[[ Input data open ]]

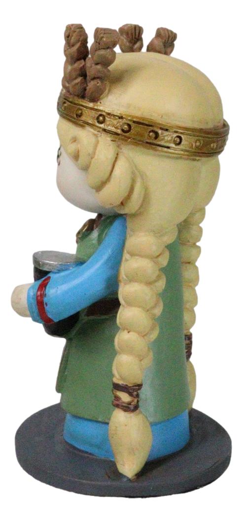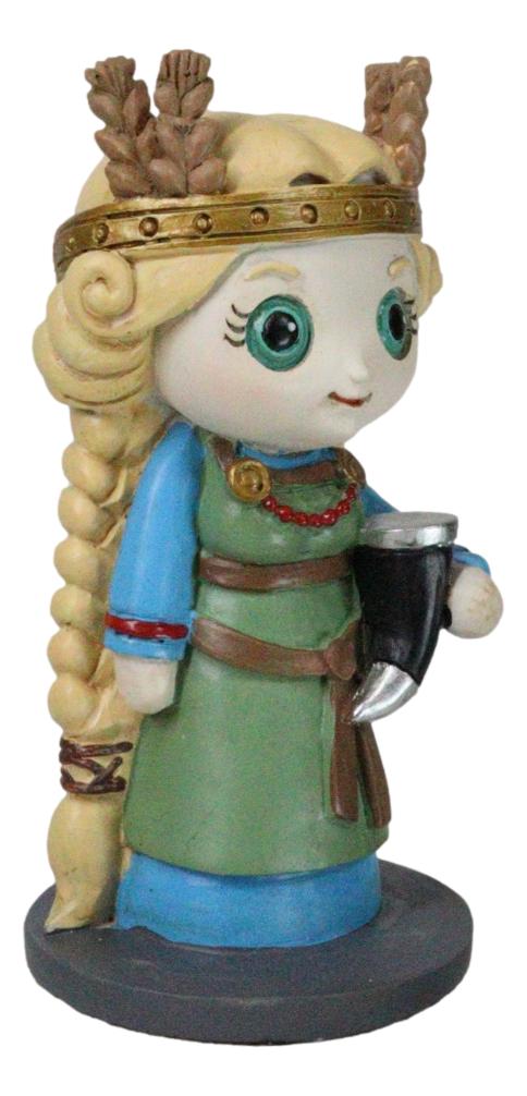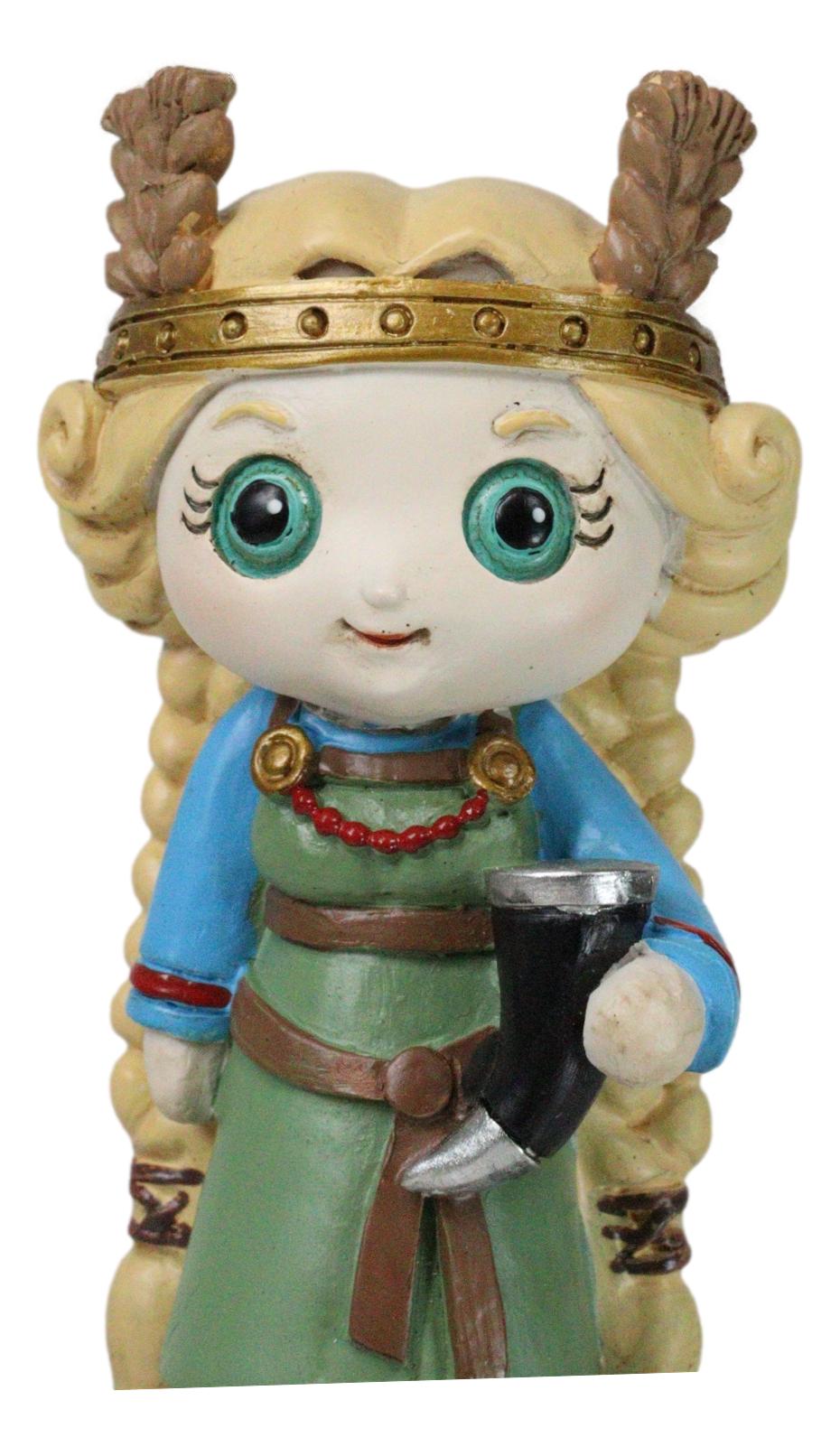 • This Norsies Sif figurine measures 3.75" tall, 2.25" long and 2" wide approximately. • This Norsies Sif figurine is made of designer composite resin, hand painted and polished. It is a perfect sit up figurine for your collection or a gift for a loved one! • The Norsies Collectible is a resin figurine featuring the signature god, heroes and villains of the Norse Viking Mythologies. This one depicts the Goddess of Sif who is a golden-haired goddess associated with earth, fertility, family and wedlock. In both the Poetic Edda and the Prose Edda, she is married to the thunder god Thor.
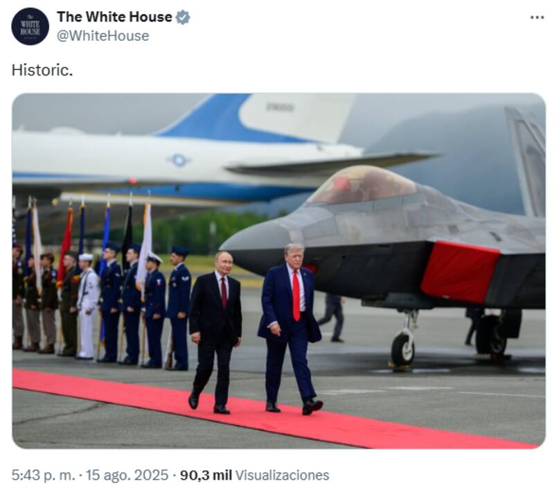 "Histórico". La cuenta oficial de la Casa Blanca posteó esta imagen mientras continúa la cumbre entre los líderes de Estados Unidos y Rusia.
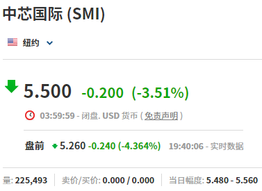 5月24日,中芯国际美股盘前跌超4%,截至发稿报5.26美元。
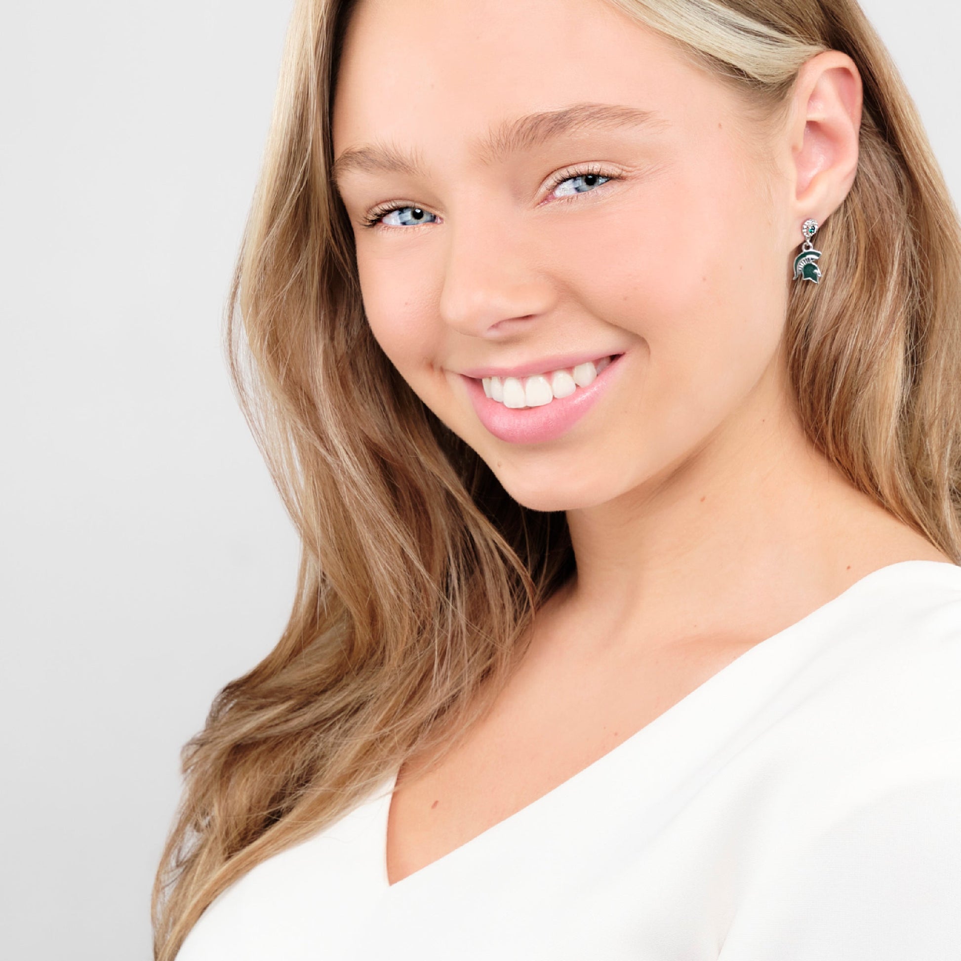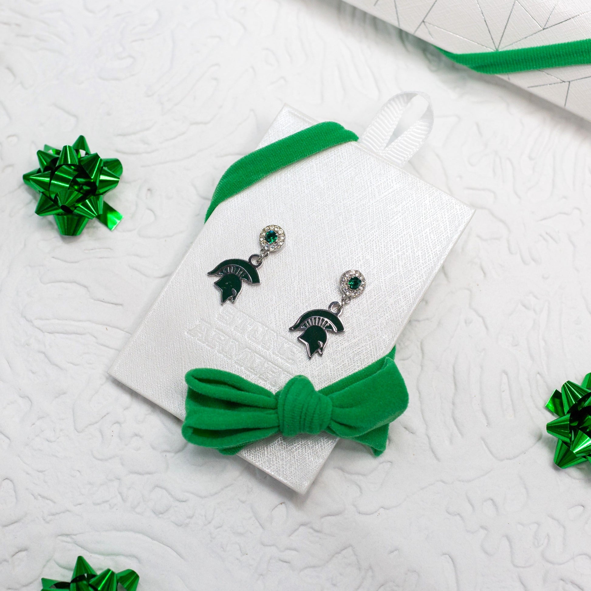 - 💚TREASURE YOUR Michigan State Spartans SPIRIT: These Stone Armory Michigan State University drop earrings are officially licensed. Classic Michigan State Spartan earrings with green and clear crystals, to show off your MSU Spartans pride.

[[ Input data closed ]]

• Task instructions: The material above holds pictures; copy everything else in it exactly.

• Exercise output:
 • This Norsies Sif figurine measures 3.75" tall, 2.25" long and 2" wide approximately. • This Norsies Sif figurine is made of designer composite resin, hand painted and polished. It is a perfect sit up figurine for your collection or a gift for a loved one! • The Norsies Collectible is a resin figurine featuring the signature god, heroes and villains of the Norse Viking Mythologies. This one depicts the Goddess of Sif who is a golden-haired goddess associated with earth, fertility, family and wedlock. In both the Poetic Edda and the Prose Edda, she is married to the thunder god Thor.
 "Histórico". La cuenta oficial de la Casa Blanca posteó esta imagen mientras continúa la cumbre entre los líderes de Estados Unidos y Rusia.
 5月24日,中芯国际美股盘前跌超4%,截至发稿报5.26美元。
 - 💚TREASURE YOUR Michigan State Spartans SPIRIT: These Stone Armory Michigan State University drop earrings are officially licensed. Classic Michigan State Spartan earrings with green and clear crystals, to show off your MSU Spartans pride.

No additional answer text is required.